4.3. Results of contour-based evaluation

Figure 7(a) shows the DVHs of the doses delivered in the first three fractions and measured in Ci, i = 1, 2, 3. Since C1 is more closely aligned to C0 than C2 and C3, the DVHs in figure 7(a) show that fraction one has a better dose coverage over Ci than any other fraction. In figure 7(b), the delivered doses are warped back to the planning image and measured in C0. Note that the warping resultant dose is not expected to be equal to the planned dose. Instead, a high-fidelity warping should keep a similar DVH distribution between the delivered dose and the warped dose. In figures 7(a) and (b), it can be observed that the DVH of fraction one has a large variation before and after the dose warping, which means that the dose of fraction one is poorly warped.

Figure 7.

Figure 7

(a) Dose calculated with Image i, i = 1, 2, 3, is measured in its corresponding Ci; (b) dose calculated on image i is warped back to the planning image and measured in C0.

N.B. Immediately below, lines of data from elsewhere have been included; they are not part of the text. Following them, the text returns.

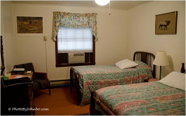 Rooms at the Fort Peck Hotel are typically equipped with two beds, a single and a double.
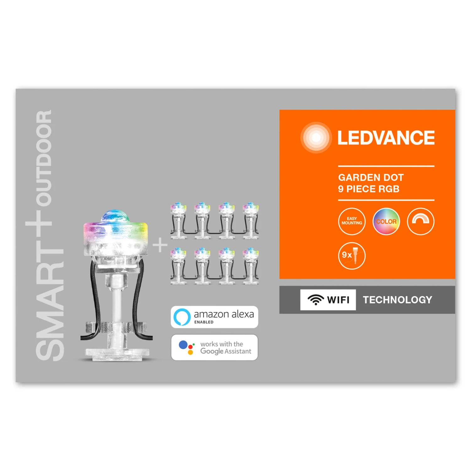 Die LED-Erdspießleuchte Garden Dot sorgt für farbenfrohe Lichtakzente in der Außenanlage. Die neun in Reihe verkabelten Leuchten sind aus klarem Polycarbonat gefertigt. Sie werden über einen gemeinsamen 230 V-Anschluss versorgt und über eine Controllerbox mit LEDVANCE SMART+ WiFi-Modul eingebunden. Letzteres ermöglicht die Koppelung der Leuchten mit dem Smartphone/Tablet über das WLAN, um eine smarte Steuerung per App oder Sprachbefehl vornehmen zu können. Zur Erweiterung auf eine Gruppe von maximal 18 Exemplaren sind geeignete Dreiersets über das Zubehör erhältlich.
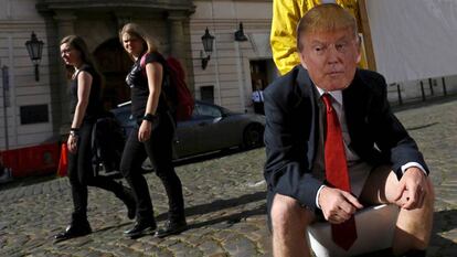 Cinco personas con caretas del presidente de EE UU, Donald Trump, sentadas en el váter con un cartel: "Me importa una mierda el cambio climático". Ha sido la protesta de Greenpeace en el Día Mundial del Medio Ambiente. La cita se conmemora, a instancias de Naciones Unidas, cada 5 de junio desde 1972, pero este año se ha visto ensombrecida por el reciente rechazo del mandatario estadounidense al Acuerdo de París para la lucha contra el cambio climático. La primera potencia mundial, que es también la segunda con más emisiones contaminantes, obviará el pacto alcanzado en 2015 entre los principales actores mundiales para frenar el calentamiento global. Aunque este año el Día Mundial del Medio Ambiente tiene a Canadá como país anfitrión, la gráfica protesta de Greenpeace ha tenido lugar ante la Embajada de EE UU en Praga (República Checa).
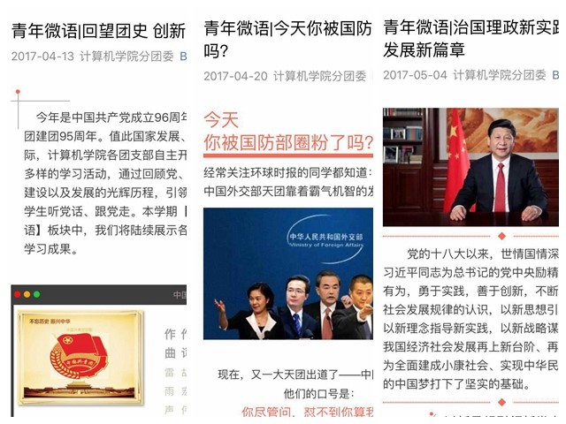 为扩大主题教育活动影响范围,计算机学院在原有基础上继续加强网络思政平台建设。本学期工作中,为推动宣传工作接地气,计算机学院在学生中遴选了一批青年评论员,通过简明的语言普及党的十八大以来我国的社会经济发展、时政热点、党史团史等理论知识,在学生群体中反响良好。截止至今,计算机学院共利用BITCS微信公众号发布青年学习评论文章7篇,累积点击量千余次。
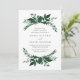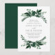 Our Wild Forest wedding invitation surrounds your wedding day details with a round border of fresh watercolor foliage in wintry shades of hunter green and forest green. A modern yet organic choice for winter or spring weddings featuring intricately painted botanical elements.
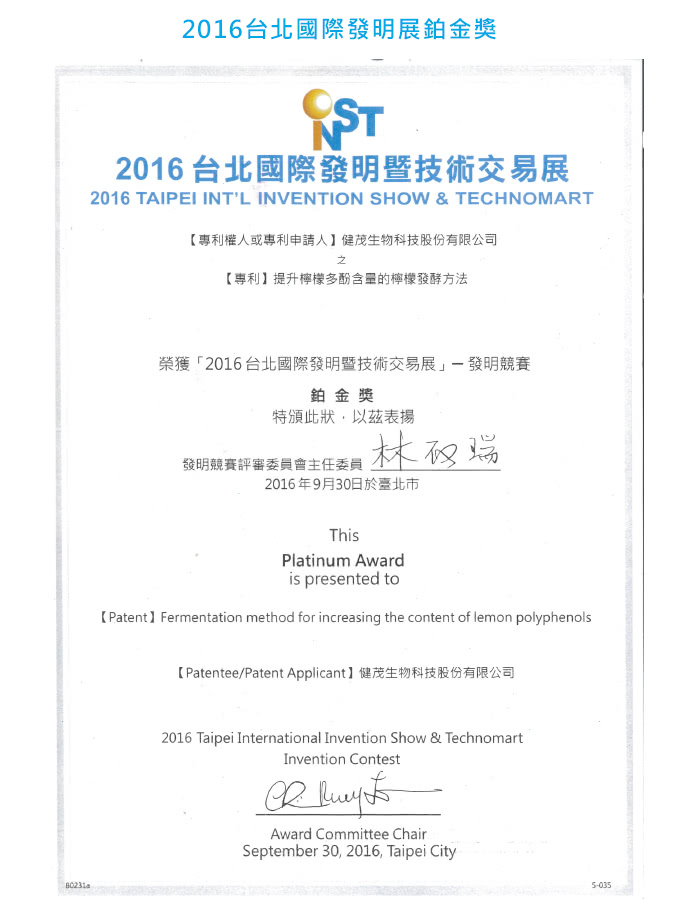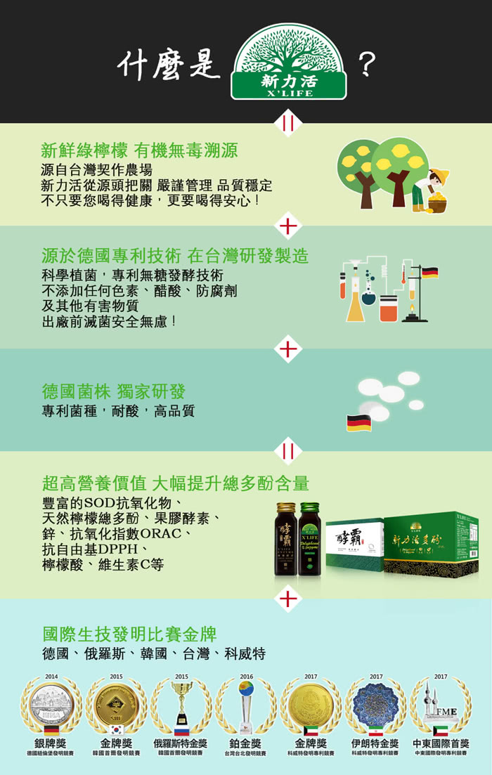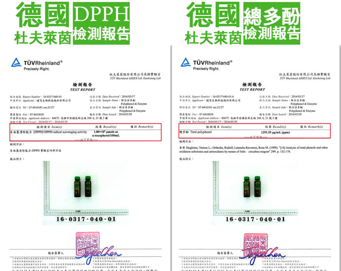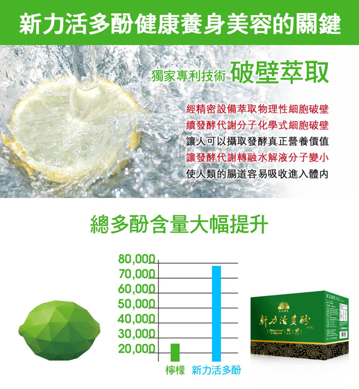 檸檬多酚:是以科學植菌發酵方式,堅持 100%採用無毒檸檬,以無糖工藝製程發酵,發酵過程無添加物,因此安全無虞,由於它是經物理與化學分子代謝的細胞破壁,再轉融小分子化,將分子量增多,達到好吸收、攝取高價值成分,有足夠劑量讓身體受益,達到維持健康的明顯療效。

Although a treatment plan, such as the hypothetical plan used for this study, is usually delivered over 28 fractions, we only have nine acquired CT images in this study. For each image, the mean of the delivered doses measured in Ci and the mean of the warped doses measured in C0 are compared in figure 8(a). Their corresponding standard deviations are shown in figure 8(b). The largest discrepancy between the two criteria occurs at images 1 and 8. While the mean dose of image 3 has the largest deviation from the planned dose, its warping operation has a high fidelity.

Figure 8.

Figure 8

The doses (cGy) calculated from the nine treatment images are measured in Ci, and their warped doses are measured in C0. Their means are illustrated in (a), and their standard deviations are shown in (b).

The mean and standard deviation of the dose distributions from the above calculation have quantified the dose delivered to each given anatomic structure, especially the treatment volume. Their changes before and after warping should be limited to a small range for an ideal warping operation. Here, the dose delivered to each physical point is assumed to be invariant in the dose-warping operation. Consequently, the mean and standard deviation of the delivered dose in a physical domain should not change if the dose warping is committed to the physical deformation. Otherwise, their changes, defined as

Eεi=|ε(w(Di),C0)ε(Di,Ci)|,andEσi=|σ(w(Di),C0)σ(Di,Ci)|, (9)

respectively, could reflect the quality of the dose-warping performance. The explicit values of Eεi and Eσi over the nine warping operations are listed in table 2.

Table 2.

The dose reconstructions errors from ‘demons’ with σ = 1.3 are evaluated with different criteria.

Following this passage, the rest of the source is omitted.